Wiehe T H, Stephan W
Department of Zoology, University of Maryland, College Park 20742.
Mol Biol Evol. 1993 Jul;10(4):842-54. doi: 10.1093/oxfordjournals.molbev.a040046.
Begun and Aquadro have demonstrated that levels of nucleotide variation correlate with recombination rate among 20 gene regions from across the genome of Drosophila melanogaster. It has been suggested that this correlation results from genetic hitchhiking associated with the fixation of strongly selected mutants. The hitchhiking process can be described as a series of two-step events. The first step consists of a strongly selected substitution wiping out linked variation in a population; this is followed by a recovery period in which polymorphism can build up via neutral mutations and random genetic drift. Genetic hitchhiking has previously been modeled as a steady-state process driven by recurring selected substitutions. We show here that the characteristic parameter of this steady-state model is alpha v, the product of selection intensity (alpha = 2Ns) and the frequency of beneficial mutations v (where N is population size and s is the selective advantage of the favored allele). We also demonstrate that the steady-state model describes the hitchhiking process adequately, unless the recombination rate is very low. To estimate alpha v, we use the data of DNA sequence variation from 17 D. melanogaster loci from regions of intermediate to high recombination rates. We find that alpha v is likely to be > 1.3 x 10(-8). Additional data are needed to estimate this parameter more precisely. The estimation of alpha v is important, as this parameter determines the shape of the frequency distribution of strongly selected substitutions.

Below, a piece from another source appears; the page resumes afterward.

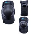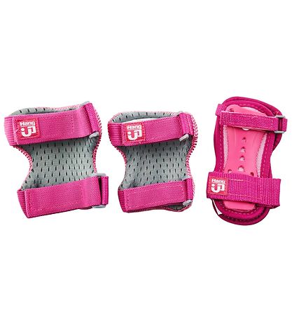 The HangUp protection set protects the exposed areas of the kids when they are out on roller skates, scooters, skateboards or riding a scooter. The protection set does not necessarily prevent injuries, but it dampens the impact on the childs body if they fall.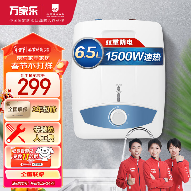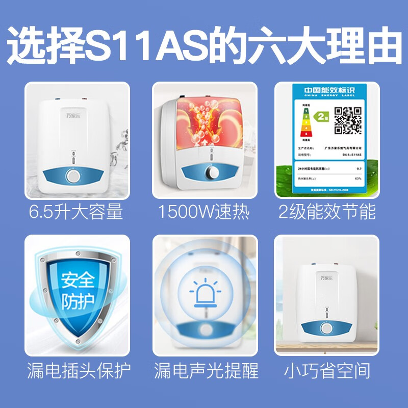 万家乐 6.5升大容量 三层内胆 上出水 1500W速热小厨宝 双重安防 电热水器D6.5-S11AS价格:299.00元!

贝根和阿夸德罗已经证明,核苷酸变异水平与黑腹果蝇基因组中20个基因区域的重组率相关。有人认为,这种相关性是由与强选择突变体固定相关的遗传搭便车导致的。遗传搭便车过程可以描述为一系列两步事件。第一步包括一个强选择替代消除群体中的连锁变异;接下来是一个恢复期,在此期间多态性可以通过中性突变和随机遗传漂变积累起来。遗传搭便车以前被建模为一个由反复出现的选择替代驱动的稳态过程。我们在此表明,这个稳态模型的特征参数是αv,即选择强度(α = 2Ns)与有益突变频率v的乘积(其中N是种群大小,s是有利等位基因的选择优势)。我们还证明,除非重组率非常低,稳态模型能充分描述遗传搭便车过程。为了估计αv,我们使用了来自中等至高重组率区域的17个黑腹果蝇基因座的DNA序列变异数据。我们发现αv可能大于1.3×10⁻⁸。需要更多数据来更精确地估计这个参数。αv的估计很重要,因为这个参数决定了强选择替代频率分布的形状。